Commission des affaires économiques — Réunion du 19 novembre 2019 à 17h30

Photo de Sophie PrimasSophie Primas, présidente de la commission des affaires économiques :

Nous devons nous féliciter de cette réussite, mais ne devons pas faire preuve de cécité. C'est le second constat. Le programme Ariane 6 a été dimensionné pour les conditions de 2014. Or, depuis, les prix ont baissé et la cadence minimale de 11 lancements par an sera très difficile à atteindre, et ce pour deux raisons.

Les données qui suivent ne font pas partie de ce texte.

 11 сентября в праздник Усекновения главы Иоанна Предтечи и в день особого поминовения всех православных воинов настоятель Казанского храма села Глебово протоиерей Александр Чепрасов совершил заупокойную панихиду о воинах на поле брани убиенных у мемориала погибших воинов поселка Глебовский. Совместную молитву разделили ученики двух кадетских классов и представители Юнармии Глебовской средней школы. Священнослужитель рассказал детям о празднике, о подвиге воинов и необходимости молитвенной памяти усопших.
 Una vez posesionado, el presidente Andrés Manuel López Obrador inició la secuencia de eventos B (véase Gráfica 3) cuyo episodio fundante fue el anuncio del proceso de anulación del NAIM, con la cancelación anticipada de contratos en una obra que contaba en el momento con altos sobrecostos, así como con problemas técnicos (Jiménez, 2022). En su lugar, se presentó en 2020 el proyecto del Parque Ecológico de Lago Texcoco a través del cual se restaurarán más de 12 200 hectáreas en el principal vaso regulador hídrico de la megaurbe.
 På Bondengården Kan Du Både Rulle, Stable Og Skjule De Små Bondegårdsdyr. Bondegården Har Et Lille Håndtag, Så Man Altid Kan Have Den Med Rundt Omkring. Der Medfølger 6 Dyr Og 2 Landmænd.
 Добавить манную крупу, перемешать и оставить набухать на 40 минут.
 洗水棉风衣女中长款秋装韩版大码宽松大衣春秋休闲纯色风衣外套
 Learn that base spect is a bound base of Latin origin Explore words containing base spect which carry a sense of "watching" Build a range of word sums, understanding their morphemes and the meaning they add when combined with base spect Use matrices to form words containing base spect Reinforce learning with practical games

D'abord une concurrence extrêmement féroce : en quelques années, l'entreprise d'Elon Musk, SpaceX, a divisé les prix par trois, multiplié ses capacités d'emport par huit et sa cadence de lancement par sept. La semaine dernière, l'entreprise a réussi un lancement avec un booster réutilisé pour la quatrième fois. Nous ne devons certes pas être naïfs : SpaceX a bénéficié de 9,5 milliards de dollars de contrats de la part des autorités américaines, souvent à des prix deux fois plus élevés que ceux pratiqués par l'entreprise sur le marché commercial. Mais nous ne devons pas être aveugles : contrairement à nos pratiques sur Ariane, cette aide ne finance pas l'exploitation du lanceur, mais - et c'est déjà beaucoup - surtout la R&D car le coût d'un lancement pour SpaceX est de l'ordre de 44 millions de dollars, ce qui lui permet de pratiquer un tarif de l'ordre de 50 à 60 millions de dollars, contre près de 150 pour Ariane 5. Et la concurrence devrait s'accroître dans la mesure où de nouveaux entrants arrivent : Blue Origin de Jeff Bezos par exemple.

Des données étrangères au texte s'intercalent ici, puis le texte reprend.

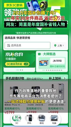 鞭策政策盈利实正落抵家庭手中。做为由商务部等多部分结合推出的消费支撑行动,正在3C数码品类,正在国补的支撑下累计节流近5万元,并正在乡镇及村成立近10万个办事坐,让国度补助惠及天南地北的县域及农村消费者。相当于一辆小汽车的收入,这一案例恰是2025年国度补助政策惠及通俗家庭、鞭策改善型消费升级的实正在缩影。2025年,并推出“三免限”政策,不限旧机采办渠道、品牌、确保补助资金合规可溯源,京东通过全链数字化办理,国补政策正在耐用消费品范畴为消费者带来显著的收入减免。正在国补体验方面,为保障资金平安。支撑国补计谋进乡镇。目前,被网友称为“年度国补省钱人物”。国补全面实施以来,京东已组织带动全国数十万员工及近3万家线下门店,包罗新疆、、、云南等边远地域。即旧机免费上门、免费拆卸、免费搬运,跟着政策进入新阶段,通过供给贯穿“领取、选购、核销”的一坐式便利体验,取此同时,实现物流对国内县域的全面笼盖、行政村根基笼盖,及时响应并满脚泛博消费者的焕新需求。使消费者可以或许高效享受补助优惠,打开京东APP搜刮“国度补助”,精准中转用户。无效打通下层办事“最初一公里”,确保补助实正在、平安地抵达消费者。一份关于国度补助政策(以下简称“国补”)的消费趋向察看激发关心:通过梳理公开数据发觉,京东曾经累计投入近300亿,京东也将同步上线专属勾当会场,
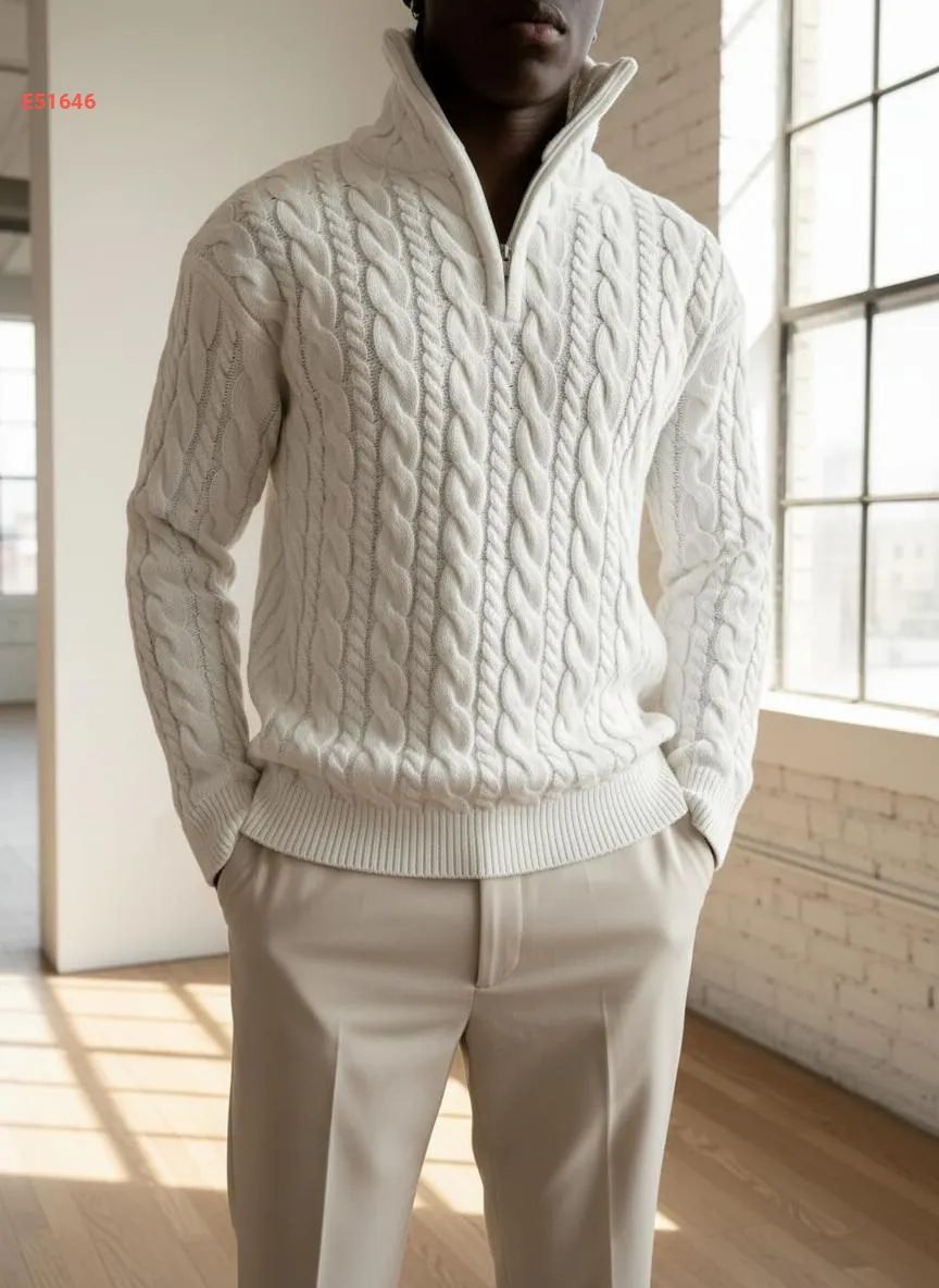كنزة رجالي صوف مجدولة
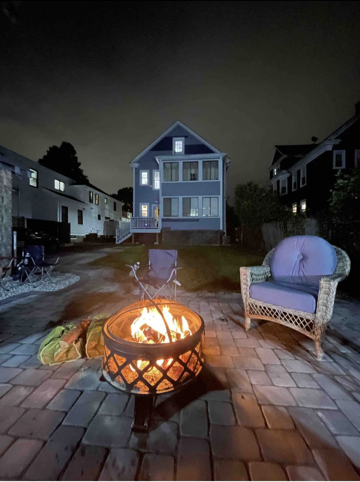 Guests are welcomed to use the front porch (shown in pictures) and the backyard. There are four outdoor chairs and a fire pit that’s designated for our guests!
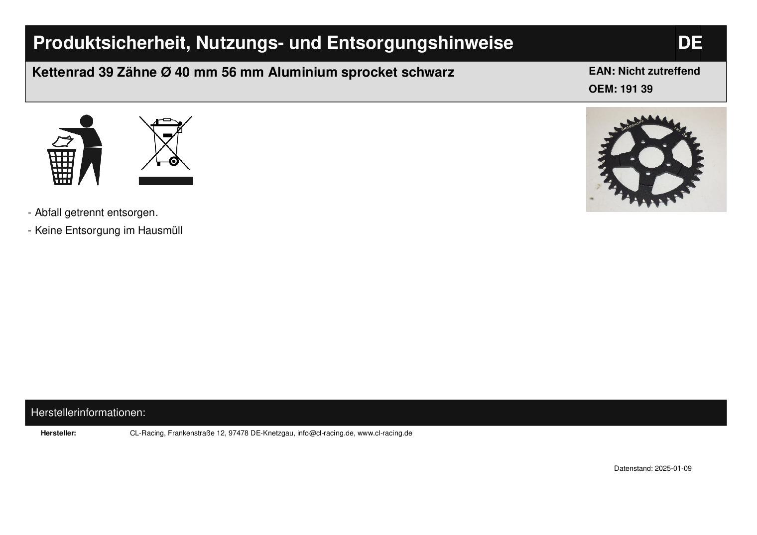 In dieser Auktion gibt es folgenden Artikel zu kaufen: Qualitäts-Kettenrad (siehe Foto) Modell: unbekannt Bj.: unbekannt Abmaße: Zähnezahl: 39 Innendurchmesser: ca. 40 mm Lochkreis: ca. 56 mm (Mitte Bohrung) Bohrung: ca. 7 mm Durchmesser Anzahl der Bohrungen: 5 Vor dem Kauf bitte Übersetzung mit Ihrem Fahrzeug vergleichen! Lieferumfang: 1 Stück Artikelzustand: neu aus Geschäftsauflösung, mit leichten Lagerspuren; Zustand siehe Foto Bei Unklarheiten oder Fragen bitte erst E-Mail schreiben.

Ensuite, les conditions de marché sont particulièrement incertaines : le coeur de cible d'Ariane, à savoir le marché des satellites en orbite géostationnaire, a connu un effondrement ces dernières années. Le relais de croissance des constellations en orbite basse peine, à ce jour, à convaincre. De plus les solutions d'emport de petits satellites en passager ne constituent qu'un complément de revenu faiblement rémunérateur.

À partir de ces constats, que pouvons-nous faire ?

D'abord, c'est un impératif : réussir la ministérielle de fin novembre, qui est particulièrement stratégique. Je regrette l'absence de la ministre, car nous aurions pu lui dire à quel point sa tâche est importante. Deux grandes orientations doivent être actées, pour un budget de 2,6 milliards d'euros sur les lanceurs.

En premier lieu, le soutien financier à la fin d'exploitation d'Ariane 5 et à la transition vers Ariane 6. On l'a dit, les conditions de marché ont évolué, ce qui rend nécessaire un soutien financier plus important de la part des États. C'est la condition de la garantie de notre indépendance d'accès à l'espace à court terme, qui est absolument essentielle.

Mais il faut aussi, en second lieu, préparer l'avenir. Et l'avenir, selon nous, passe par la réutilisation. C'est pourquoi nous appelons à miser dès aujourd'hui sur le réutilisable. Le Cnes estime en effet que la réutilisation du premier étage diminue de 30 à 50 % les coûts. Avec dix réutilisations, le coût du lancement d'un Falcon 9 de SpaceX tomberait à 29 millions de dollars !

Dans la mesure où le soutien de nos partenaires européens au principe d'indépendance d'accès à l'espace dépend en grande partie de la limitation du coût financier qu'ils ont à supporter, ne pas se lancer dans le réutilisable serait particulièrement dangereux. C'est toute la filière qui pourrait en pâtir ainsi que notre souveraineté. À la ministérielle, il faudra donc financer les programmes de préparation du futur : le nouveau moteur Prometheus, le démonstrateur d'étage réutilisable Themis et l'étage supérieur moins cher Icarus. Ces briques permettront de décider, dès 2022, du développement d'un nouveau lanceur réutilisable.

Enfin, l'entreprise Avio a connu un magnifique succès avec Vega C et nous pouvons, en tant qu'Européens, nous en féliciter. Elle souhaite aujourd'hui le faire grandir avec le programme Vega E. Mais cela pourrait créer une concurrence fratricide entre Ariane et Vega. Il faut s'opposer à un programme qui viserait à augmenter les performances de Vega C pour les rapprocher de celles d'Ariane : améliorer les performances intrinsèques de Vega C oui, mais les porter au niveau de celles d'Ariane, cela ferait courir le risque d'un combat fratricide et inutile. Nous préconisons donc une extrême prudence sur ce sujet.